To nobody’s surprise, our survey showed that data science and AI professionals are mostly male. The number of respondents tells the story by itself: only 14% identified as women, which is lower than we’d have guessed, though it’s roughly consistent with our conference attendance (back when we had live conferences) and roughly equivalent to other technical fields. A small number (5%) reported their preferred pronoun as “they” or Other, but this sample was too small to draw any significant comparisons about compensation.

Women’s salaries were sharply lower than men’s salaries, averaging $126,000 annually, or 84% of the average salary for men ($150,000). That differential held regardless of education, as Figure 1 shows: the average salary for a woman with a doctorate or master’s degree was 82% of the salary for a man with an equivalent degree. The difference wasn’t quite as high for people with bachelor’s degrees or who were still students, but it was still significant: women with bachelor’s degrees or who were students earned 86% or 87% of the average salary for men. The difference in salaries was greatest between people who were self-taught: in that case, women’s salaries were 72% of men’s. An associate’s degree was the only degree for which women’s salaries were higher than men’s.

Figure 1. Women’s and men’s salaries by degree

Despite the salary differential, a higher percentage of women had advanced degrees than men: 16% of women had a doctorate, as opposed to 13% of men. And 47% of women had a master’s degree, as opposed to 46% of men. (If those percentages seem high, keep in mind that many professionals in data science and AI are escapees from academia.)

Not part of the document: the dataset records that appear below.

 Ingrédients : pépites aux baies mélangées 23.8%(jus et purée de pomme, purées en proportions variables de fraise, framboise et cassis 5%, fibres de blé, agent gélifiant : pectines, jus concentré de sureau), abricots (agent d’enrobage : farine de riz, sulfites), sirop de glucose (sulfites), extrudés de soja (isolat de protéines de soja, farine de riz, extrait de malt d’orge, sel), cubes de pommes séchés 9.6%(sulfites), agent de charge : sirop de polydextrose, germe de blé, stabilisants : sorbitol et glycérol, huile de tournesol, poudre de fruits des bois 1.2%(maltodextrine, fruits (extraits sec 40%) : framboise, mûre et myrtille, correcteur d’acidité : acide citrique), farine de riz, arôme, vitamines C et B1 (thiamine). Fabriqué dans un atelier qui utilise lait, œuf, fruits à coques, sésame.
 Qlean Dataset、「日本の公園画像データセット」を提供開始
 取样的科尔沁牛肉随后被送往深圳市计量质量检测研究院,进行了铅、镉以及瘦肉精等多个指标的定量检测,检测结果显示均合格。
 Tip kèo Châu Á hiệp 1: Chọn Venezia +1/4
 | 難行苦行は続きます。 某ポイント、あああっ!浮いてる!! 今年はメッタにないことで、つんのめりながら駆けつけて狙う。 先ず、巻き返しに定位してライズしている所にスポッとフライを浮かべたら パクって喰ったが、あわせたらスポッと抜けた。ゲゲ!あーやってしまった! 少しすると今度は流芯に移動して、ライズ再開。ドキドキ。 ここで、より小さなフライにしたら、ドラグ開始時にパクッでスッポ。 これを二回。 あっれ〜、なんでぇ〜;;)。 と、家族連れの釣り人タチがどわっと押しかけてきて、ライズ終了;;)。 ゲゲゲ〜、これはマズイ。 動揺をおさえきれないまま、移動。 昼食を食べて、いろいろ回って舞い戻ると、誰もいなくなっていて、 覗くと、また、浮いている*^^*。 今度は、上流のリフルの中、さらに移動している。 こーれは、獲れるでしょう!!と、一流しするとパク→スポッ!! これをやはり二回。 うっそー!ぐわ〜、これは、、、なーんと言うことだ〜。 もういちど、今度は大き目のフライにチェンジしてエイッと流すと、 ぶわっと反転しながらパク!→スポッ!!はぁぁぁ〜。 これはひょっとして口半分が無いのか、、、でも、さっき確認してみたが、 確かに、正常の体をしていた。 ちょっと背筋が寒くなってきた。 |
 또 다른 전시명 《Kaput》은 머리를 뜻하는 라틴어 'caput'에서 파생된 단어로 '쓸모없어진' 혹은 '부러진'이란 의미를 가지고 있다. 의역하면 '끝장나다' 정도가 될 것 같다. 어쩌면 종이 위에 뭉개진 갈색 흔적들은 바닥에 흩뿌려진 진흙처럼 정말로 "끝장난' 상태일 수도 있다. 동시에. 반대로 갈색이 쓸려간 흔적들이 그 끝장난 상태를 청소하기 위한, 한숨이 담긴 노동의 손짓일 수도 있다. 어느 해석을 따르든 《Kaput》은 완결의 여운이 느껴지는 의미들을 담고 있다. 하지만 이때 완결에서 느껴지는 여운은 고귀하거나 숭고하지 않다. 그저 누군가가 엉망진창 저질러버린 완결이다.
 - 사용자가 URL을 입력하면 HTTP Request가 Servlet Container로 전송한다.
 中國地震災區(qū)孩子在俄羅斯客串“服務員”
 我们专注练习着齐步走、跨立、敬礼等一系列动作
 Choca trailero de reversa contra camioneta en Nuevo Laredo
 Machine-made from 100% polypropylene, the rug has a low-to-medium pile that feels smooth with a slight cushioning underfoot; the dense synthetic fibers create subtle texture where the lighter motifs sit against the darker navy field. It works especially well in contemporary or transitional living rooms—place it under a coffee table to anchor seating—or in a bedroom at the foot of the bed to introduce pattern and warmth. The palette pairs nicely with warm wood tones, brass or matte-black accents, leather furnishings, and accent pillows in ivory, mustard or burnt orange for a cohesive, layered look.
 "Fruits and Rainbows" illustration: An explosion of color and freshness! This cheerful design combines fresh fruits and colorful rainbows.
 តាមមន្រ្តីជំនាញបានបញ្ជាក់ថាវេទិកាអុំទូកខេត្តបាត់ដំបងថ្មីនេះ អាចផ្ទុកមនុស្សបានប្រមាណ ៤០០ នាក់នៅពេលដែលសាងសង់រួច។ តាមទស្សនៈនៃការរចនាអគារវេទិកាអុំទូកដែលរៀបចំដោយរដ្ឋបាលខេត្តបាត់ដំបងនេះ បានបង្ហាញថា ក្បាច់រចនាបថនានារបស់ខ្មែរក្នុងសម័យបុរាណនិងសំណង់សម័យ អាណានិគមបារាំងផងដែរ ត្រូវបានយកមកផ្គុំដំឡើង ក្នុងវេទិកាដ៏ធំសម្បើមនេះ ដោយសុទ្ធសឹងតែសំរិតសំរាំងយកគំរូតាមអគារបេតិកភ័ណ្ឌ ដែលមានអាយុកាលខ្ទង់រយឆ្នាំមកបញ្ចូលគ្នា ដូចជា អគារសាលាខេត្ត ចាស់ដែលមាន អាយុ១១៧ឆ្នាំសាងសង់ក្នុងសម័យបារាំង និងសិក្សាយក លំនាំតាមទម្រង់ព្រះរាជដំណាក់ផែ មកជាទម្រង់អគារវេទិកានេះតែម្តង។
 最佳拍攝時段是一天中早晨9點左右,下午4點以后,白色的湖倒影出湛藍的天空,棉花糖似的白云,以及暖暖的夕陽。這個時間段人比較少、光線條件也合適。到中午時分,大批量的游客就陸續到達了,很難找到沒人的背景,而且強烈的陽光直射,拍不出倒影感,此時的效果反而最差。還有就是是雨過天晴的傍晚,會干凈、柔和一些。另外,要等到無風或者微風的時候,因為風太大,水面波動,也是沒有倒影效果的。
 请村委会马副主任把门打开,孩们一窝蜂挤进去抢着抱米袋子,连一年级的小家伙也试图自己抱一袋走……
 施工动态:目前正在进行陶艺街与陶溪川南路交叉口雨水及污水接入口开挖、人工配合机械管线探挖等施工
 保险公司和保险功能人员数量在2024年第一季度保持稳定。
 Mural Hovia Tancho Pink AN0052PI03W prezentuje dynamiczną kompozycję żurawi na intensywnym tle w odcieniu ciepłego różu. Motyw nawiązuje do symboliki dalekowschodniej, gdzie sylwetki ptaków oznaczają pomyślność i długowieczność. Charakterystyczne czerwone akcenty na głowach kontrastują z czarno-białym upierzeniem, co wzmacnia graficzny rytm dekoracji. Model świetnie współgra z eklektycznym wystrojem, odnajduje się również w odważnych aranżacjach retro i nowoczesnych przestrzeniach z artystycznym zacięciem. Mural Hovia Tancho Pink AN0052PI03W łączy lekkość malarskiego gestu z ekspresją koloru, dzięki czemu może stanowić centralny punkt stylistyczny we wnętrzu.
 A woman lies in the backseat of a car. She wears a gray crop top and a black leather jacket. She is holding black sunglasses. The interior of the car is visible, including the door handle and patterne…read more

Women’s salaries also lagged men’s salaries when we compared women and men with similar job titles (see Figure 2). At the executive level, the average salary for women was $163,000 versus $205,000 for men (a 20% difference). At the director level, the difference was much smaller—$180,000 for women versus $184,000 for men—and women’s salaries were actually higher than those at the executive level. It’s easy to hypothesize about this difference, but we’re at a loss to explain it. For managers, women’s salaries were $143,000 versus $154,000 for men (a 7% difference).

Career advancement is also an issue: 18% of the women who participated in the survey were executives or directors, compared with 23% of the men.

Figure 2. Women’s and men’s salaries by job title

Before moving on from our consideration of the effect of gender on salary, let’s take a brief look at how salaries changed over the past three years. As Figure 3 shows, the percentage of men and women respondents who saw no change was virtually identical (18%). But more women than men saw their salaries decrease (10% versus 7%). Correspondingly, more men saw their salaries increase. Women were also more likely to have a smaller increase: 24% of women had an increase of under $5,000 versus 17% of men. At the high end of the salary spectrum, the difference between men and women was smaller, though still not zero: 19% of men saw their salaries increase by over $20,000, but only 18% of women did. So the most significant differences were in the midrange. One anomaly sticks out: a slightly higher percentage of women than men received salary increases in the $15,000 to $20,000 range (8% versus 6%).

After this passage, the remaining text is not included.